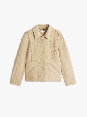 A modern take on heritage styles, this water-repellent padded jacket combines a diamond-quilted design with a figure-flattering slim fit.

--

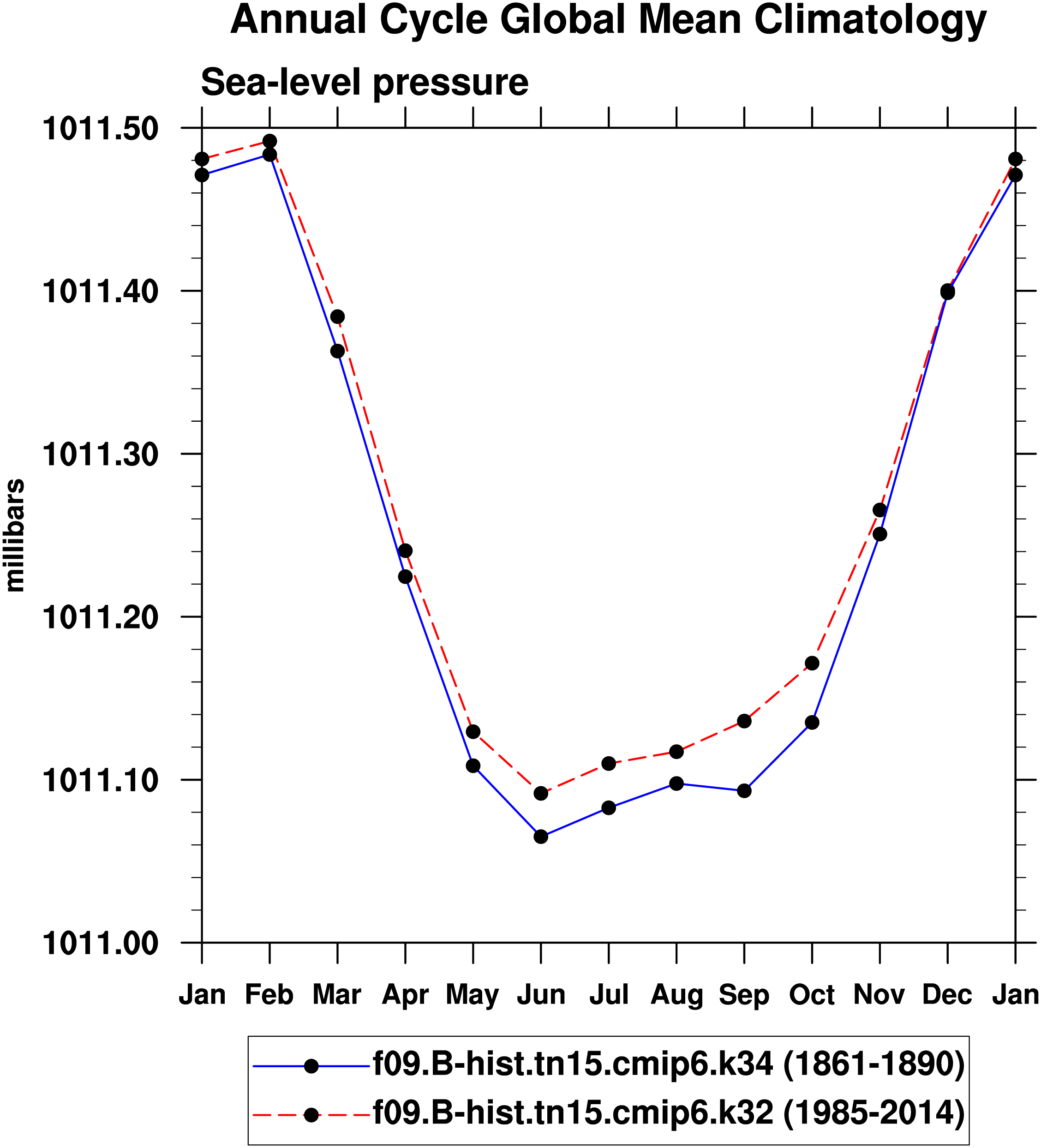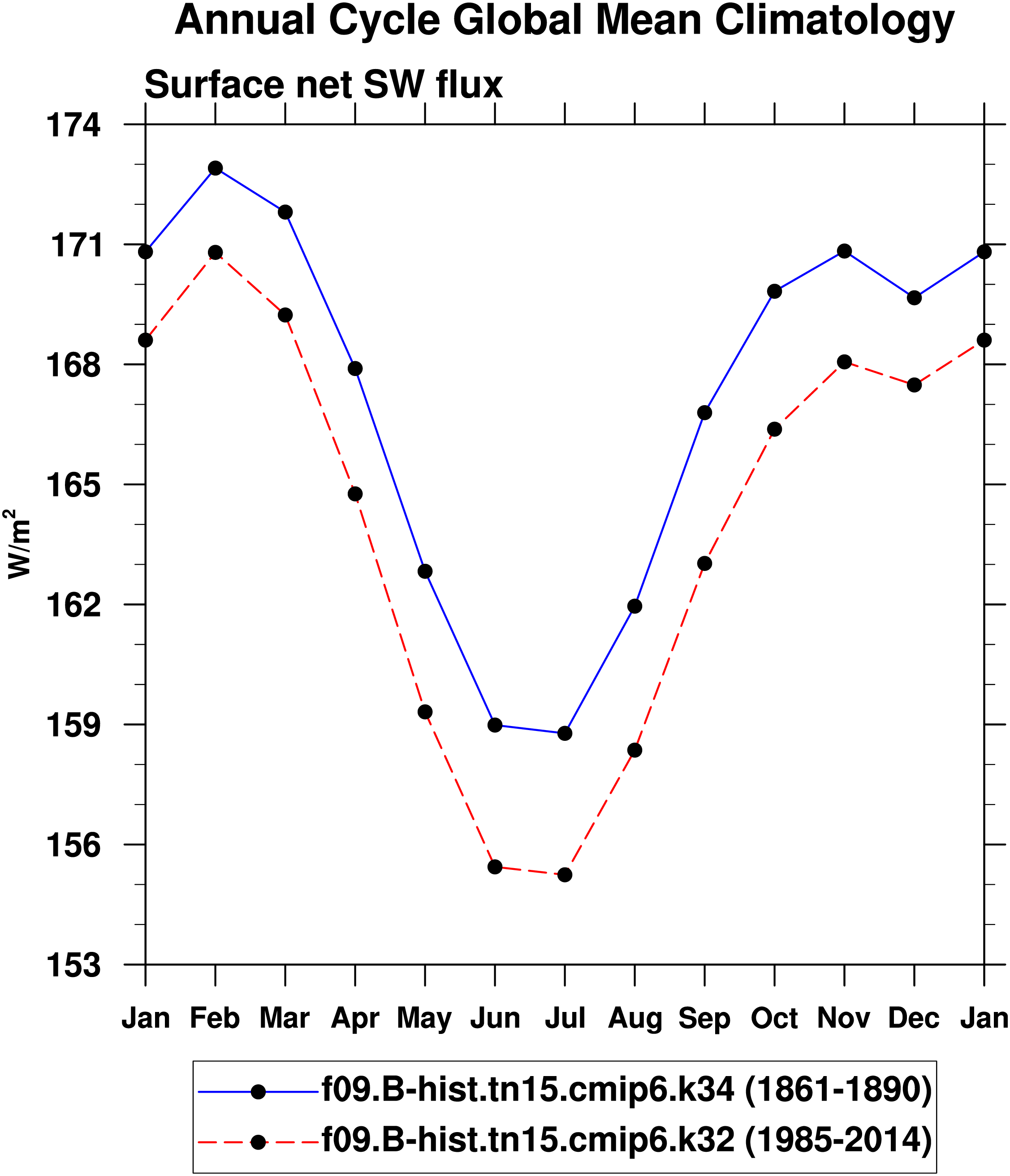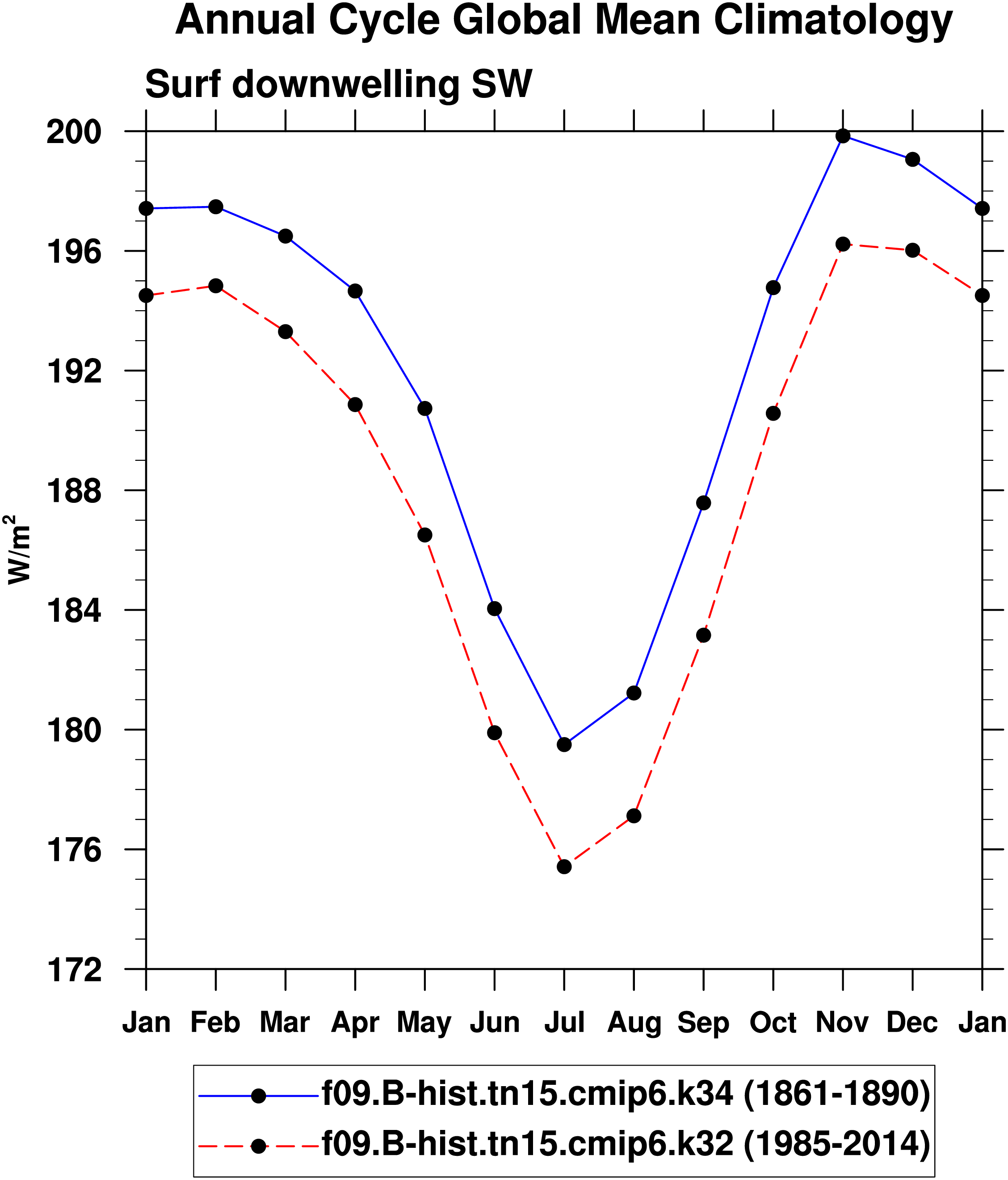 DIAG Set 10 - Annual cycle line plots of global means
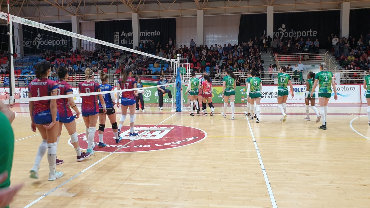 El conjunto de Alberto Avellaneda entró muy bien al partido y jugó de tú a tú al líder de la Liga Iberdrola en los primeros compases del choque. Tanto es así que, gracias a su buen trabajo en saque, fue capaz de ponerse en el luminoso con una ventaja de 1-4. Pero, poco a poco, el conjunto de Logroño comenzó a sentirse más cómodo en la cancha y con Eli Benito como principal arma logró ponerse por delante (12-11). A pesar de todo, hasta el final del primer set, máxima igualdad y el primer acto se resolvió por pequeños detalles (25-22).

---

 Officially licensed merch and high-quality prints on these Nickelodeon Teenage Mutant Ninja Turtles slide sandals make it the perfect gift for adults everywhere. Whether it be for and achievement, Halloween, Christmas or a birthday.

### Description of the task
Above are records; repeat only the lines from the line with "DIAG Set 10" through the line with "El conjunto de Alberto", and leave pictures out.

### Task answer
 DIAG Set 10 - Annual cycle line plots of global means
 El conjunto de Alberto Avellaneda entró muy bien al partido y jugó de tú a tú al líder de la Liga Iberdrola en los primeros compases del choque. Tanto es así que, gracias a su buen trabajo en saque, fue capaz de ponerse en el luminoso con una ventaja de 1-4. Pero, poco a poco, el conjunto de Logroño comenzó a sentirse más cómodo en la cancha y con Eli Benito como principal arma logró ponerse por delante (12-11). A pesar de todo, hasta el final del primer set, máxima igualdad y el primer acto se resolvió por pequeños detalles (25-22).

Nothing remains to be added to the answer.